● **Description of the task**
Start with the first line of the data and end with the line that holds "Chrystus w domu"; write out each one exactly.

[[ Provided records open ]]

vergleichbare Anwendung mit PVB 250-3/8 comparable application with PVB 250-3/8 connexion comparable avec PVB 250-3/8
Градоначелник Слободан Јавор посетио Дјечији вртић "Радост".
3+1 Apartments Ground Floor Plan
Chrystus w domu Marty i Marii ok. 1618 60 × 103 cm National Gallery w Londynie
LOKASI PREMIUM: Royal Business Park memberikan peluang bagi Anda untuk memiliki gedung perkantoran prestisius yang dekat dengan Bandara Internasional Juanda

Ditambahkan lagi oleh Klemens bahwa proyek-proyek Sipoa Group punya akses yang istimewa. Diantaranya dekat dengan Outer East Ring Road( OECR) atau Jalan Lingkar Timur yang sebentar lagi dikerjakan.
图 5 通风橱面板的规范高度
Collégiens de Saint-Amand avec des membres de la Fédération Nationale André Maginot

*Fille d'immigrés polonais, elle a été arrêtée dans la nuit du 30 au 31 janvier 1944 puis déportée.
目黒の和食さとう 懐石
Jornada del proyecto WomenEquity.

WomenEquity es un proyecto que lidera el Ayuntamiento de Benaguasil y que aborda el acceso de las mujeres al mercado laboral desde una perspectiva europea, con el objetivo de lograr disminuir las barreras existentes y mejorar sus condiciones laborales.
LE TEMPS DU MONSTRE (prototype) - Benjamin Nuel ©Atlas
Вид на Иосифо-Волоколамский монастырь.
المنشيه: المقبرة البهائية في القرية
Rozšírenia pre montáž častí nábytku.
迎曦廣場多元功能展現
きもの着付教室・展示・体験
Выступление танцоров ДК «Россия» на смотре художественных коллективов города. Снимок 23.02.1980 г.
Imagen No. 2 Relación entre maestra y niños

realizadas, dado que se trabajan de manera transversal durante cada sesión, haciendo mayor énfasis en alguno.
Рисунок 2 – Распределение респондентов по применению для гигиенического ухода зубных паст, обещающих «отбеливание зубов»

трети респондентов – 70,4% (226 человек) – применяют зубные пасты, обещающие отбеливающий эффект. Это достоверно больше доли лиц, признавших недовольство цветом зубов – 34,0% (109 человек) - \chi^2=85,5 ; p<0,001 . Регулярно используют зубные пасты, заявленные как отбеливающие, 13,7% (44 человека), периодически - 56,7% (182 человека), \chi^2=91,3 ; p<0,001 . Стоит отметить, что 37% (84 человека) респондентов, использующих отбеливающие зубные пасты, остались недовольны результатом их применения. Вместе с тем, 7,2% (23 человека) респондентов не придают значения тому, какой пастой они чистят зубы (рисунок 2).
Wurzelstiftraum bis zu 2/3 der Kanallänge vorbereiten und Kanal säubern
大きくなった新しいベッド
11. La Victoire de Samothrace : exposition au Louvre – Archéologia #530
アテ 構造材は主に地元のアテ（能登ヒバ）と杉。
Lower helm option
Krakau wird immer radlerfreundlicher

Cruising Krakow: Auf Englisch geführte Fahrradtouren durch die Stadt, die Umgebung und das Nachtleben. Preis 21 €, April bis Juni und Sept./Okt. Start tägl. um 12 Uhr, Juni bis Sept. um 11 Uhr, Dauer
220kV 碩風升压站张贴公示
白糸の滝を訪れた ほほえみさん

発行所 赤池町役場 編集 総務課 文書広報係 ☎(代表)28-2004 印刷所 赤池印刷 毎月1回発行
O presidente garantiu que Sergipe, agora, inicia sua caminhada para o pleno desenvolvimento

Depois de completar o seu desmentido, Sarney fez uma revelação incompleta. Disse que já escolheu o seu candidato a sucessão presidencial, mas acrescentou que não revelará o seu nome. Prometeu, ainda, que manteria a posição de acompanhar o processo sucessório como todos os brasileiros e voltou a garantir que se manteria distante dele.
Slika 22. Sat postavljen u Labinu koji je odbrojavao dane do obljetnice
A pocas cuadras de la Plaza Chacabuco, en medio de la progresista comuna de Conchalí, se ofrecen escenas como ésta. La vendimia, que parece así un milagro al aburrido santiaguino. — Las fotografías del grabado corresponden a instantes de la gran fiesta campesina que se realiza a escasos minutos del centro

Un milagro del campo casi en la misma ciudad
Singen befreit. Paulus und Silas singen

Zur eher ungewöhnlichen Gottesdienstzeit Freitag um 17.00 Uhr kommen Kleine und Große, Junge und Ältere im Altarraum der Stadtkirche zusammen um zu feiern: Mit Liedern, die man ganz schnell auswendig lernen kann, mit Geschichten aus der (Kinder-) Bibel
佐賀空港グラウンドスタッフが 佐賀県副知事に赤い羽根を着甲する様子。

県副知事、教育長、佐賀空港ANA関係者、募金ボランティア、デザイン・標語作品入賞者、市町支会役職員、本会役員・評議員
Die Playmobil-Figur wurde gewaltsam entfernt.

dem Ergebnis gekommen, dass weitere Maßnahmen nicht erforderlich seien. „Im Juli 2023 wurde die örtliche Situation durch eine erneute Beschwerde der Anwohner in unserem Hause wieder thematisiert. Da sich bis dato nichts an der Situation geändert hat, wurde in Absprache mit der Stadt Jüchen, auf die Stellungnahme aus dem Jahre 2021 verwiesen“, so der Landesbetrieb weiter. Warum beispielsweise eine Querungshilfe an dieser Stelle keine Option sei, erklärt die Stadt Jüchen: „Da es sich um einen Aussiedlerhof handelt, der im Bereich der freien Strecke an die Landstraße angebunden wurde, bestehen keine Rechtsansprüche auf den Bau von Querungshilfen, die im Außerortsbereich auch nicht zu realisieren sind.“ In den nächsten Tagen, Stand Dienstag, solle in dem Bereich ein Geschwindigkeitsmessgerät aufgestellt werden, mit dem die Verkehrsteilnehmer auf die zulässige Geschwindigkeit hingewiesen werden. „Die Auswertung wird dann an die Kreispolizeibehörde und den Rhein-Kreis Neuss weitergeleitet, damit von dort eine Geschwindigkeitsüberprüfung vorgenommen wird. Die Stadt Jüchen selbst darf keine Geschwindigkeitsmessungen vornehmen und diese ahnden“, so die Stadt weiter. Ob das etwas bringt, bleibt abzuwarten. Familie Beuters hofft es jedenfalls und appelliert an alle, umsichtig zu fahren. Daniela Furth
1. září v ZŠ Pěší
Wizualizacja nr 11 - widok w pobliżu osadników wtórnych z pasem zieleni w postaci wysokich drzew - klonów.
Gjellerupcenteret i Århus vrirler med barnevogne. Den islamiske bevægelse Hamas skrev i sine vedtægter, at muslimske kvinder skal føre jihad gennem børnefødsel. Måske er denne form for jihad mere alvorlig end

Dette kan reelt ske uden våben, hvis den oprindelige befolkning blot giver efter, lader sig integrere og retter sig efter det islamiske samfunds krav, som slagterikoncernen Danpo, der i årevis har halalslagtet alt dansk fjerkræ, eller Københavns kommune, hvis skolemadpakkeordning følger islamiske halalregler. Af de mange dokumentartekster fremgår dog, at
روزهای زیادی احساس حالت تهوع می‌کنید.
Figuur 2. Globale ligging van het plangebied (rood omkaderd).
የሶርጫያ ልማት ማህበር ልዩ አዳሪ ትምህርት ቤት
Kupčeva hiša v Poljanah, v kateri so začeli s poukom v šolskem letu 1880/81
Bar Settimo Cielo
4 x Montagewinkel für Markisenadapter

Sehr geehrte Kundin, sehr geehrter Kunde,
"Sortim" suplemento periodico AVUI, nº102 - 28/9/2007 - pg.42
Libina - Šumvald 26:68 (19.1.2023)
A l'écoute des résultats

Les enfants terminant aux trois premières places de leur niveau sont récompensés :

[[ Provided records closed ]]

● **Solution for this exercise**
vergleichbare Anwendung mit PVB 250-3/8 comparable application with PVB 250-3/8 connexion comparable avec PVB 250-3/8
Градоначелник Слободан Јавор посетио Дјечији вртић "Радост".
3+1 Apartments Ground Floor Plan
Chrystus w domu Marty i Marii ok. 1618 60 × 103 cm National Gallery w Londynie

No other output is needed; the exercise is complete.